Jameika Mangum and Leonard Murray are vying for the same seat on Cook County Circuit Court, both hoping to win the Democratic primary contest in the Fifth Judicial District on Chicago’s South Side.
That is not all they have had in common. Mangum displays on her website a distinctive red and blue logo on a white background, complete with five stars. Murray launched a website more recently with a strikingly similar red and blue logo on a white background, complete with five stars.
— Mangum For Judge (@MangumForJudge) March 8, 2016
Attorney Tom Leavens, who works with trademark issues at Leavens, Strand & Glover, LLC, said after looking at the two logos side by side that unless the candidates had gone to the same source for the logo, something did not look right.
“The test for [trademark] infringement is confusion,” Leavens said. “It’s inevitable here.”

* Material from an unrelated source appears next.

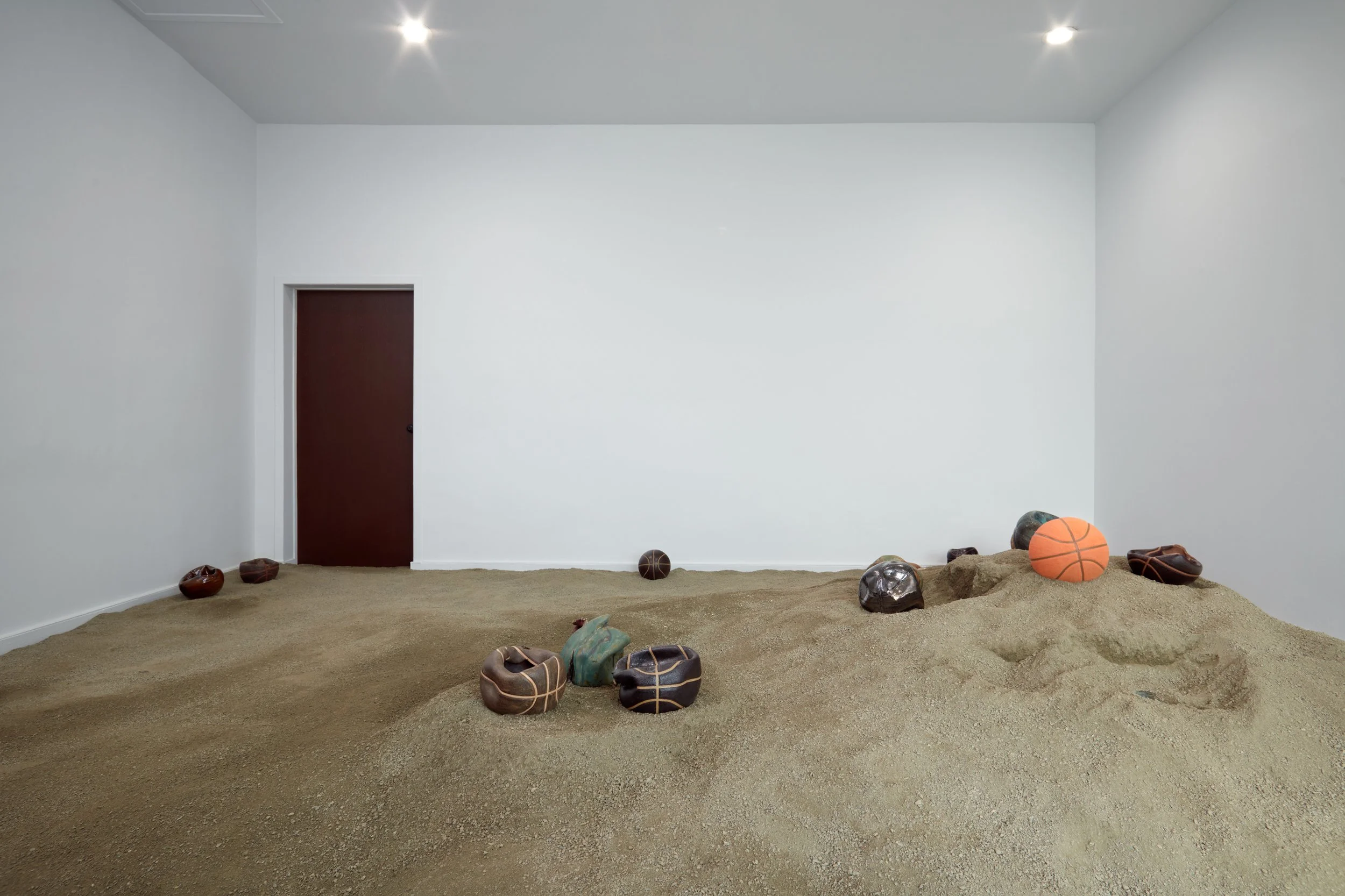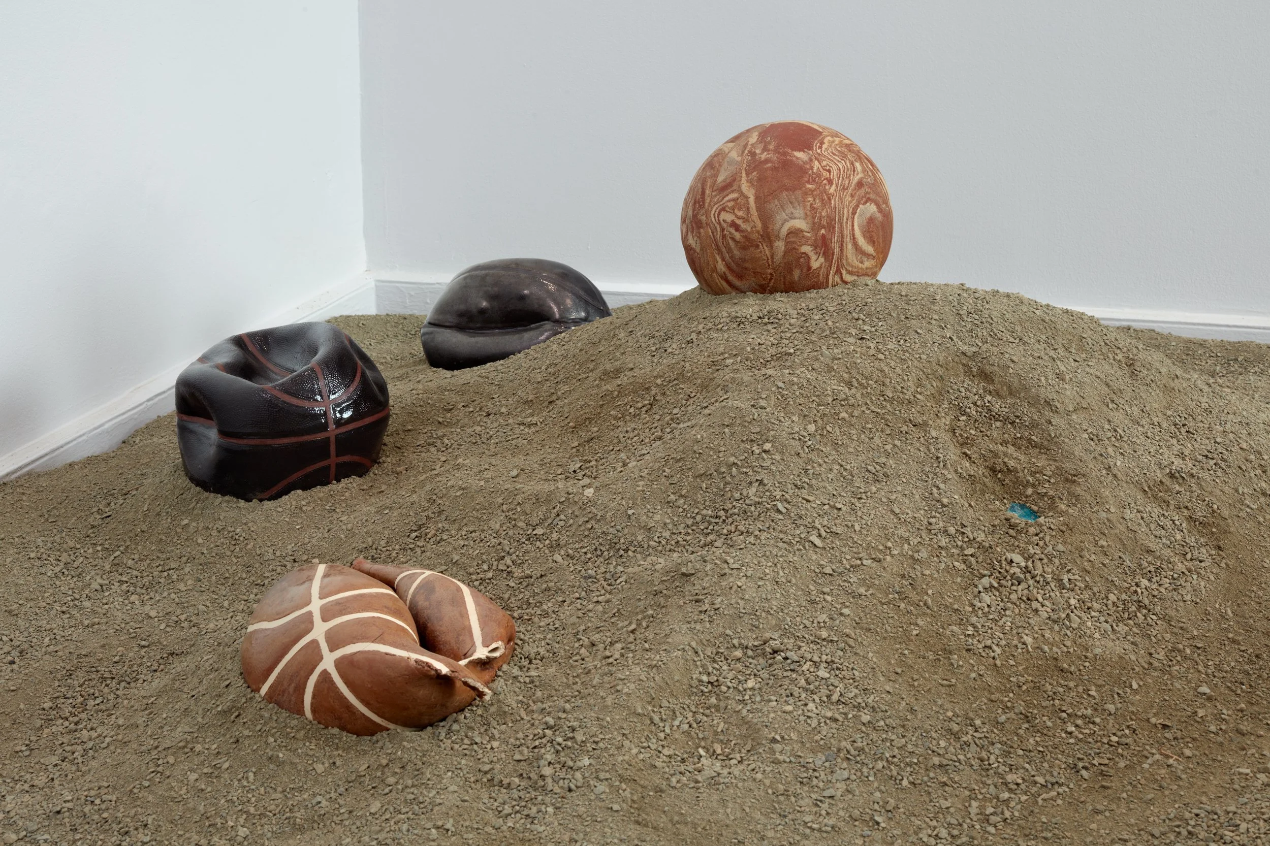 Installation shots of the exhibition Be True To The Game. Construction-grade sand and ceramic, 2024.

Mangum said she was caught by surprise when she went and checked her opponent’s website, to see if it had been launched, and was struck by the similarity to the image she has used for t-shirts, business cards and signs. She said she was concerned voters who have seen her logo on the street in the past might confuse the two candidates.
We called Murray, who is currently an Associate Judge, to ask about the striking resemblance. “I’m not aware of the similarity,” Murray said. “Certainly that was not the intent.”
Mangum told us she had hired an on-line site, Fiverr, in 2015 to design her logo.
Murray said his website was created by his webmaster, whom he declined to name, in December.
Fiverr did not respond to a request from Injustice Watch.
But Murray said that while he did not see the matter as an issue, he would look into it. He called back later to say the similarity was “just coincidence,” adding, “it’s just something that was available.” He said last evening that he would modify his website; as of Thursday morning, with five days left before the election, the website remained unchanged.
Murray, who has been an associate judge for the past eight years, was found “qualified” for a judicial post this year by both the Chicago Bar Association and the Chicago Council of Lawyers, and has received the endorsement of the Chicago Tribune. As an attorney, Murray offered help to many poor clients on a pro-bono basis. But he received a rare discipline from the state Supreme Court – suspended for three months, followed by a year of probation — after he failed to take actions on behalf of seven different clients over several years, while keeping each in the dark about their cases.
Mangum was found “not recommended” by both prominent bar groups after she failed to participate in their evaluation processes. She told Injustice Watch that because the associations expect candidates to have had active practices for 10 years of experience, she knew she would not win their support. While she has been out of law school since 2003, Mangum said, she took time off after the birth of her first child, leaving her short of the required experience.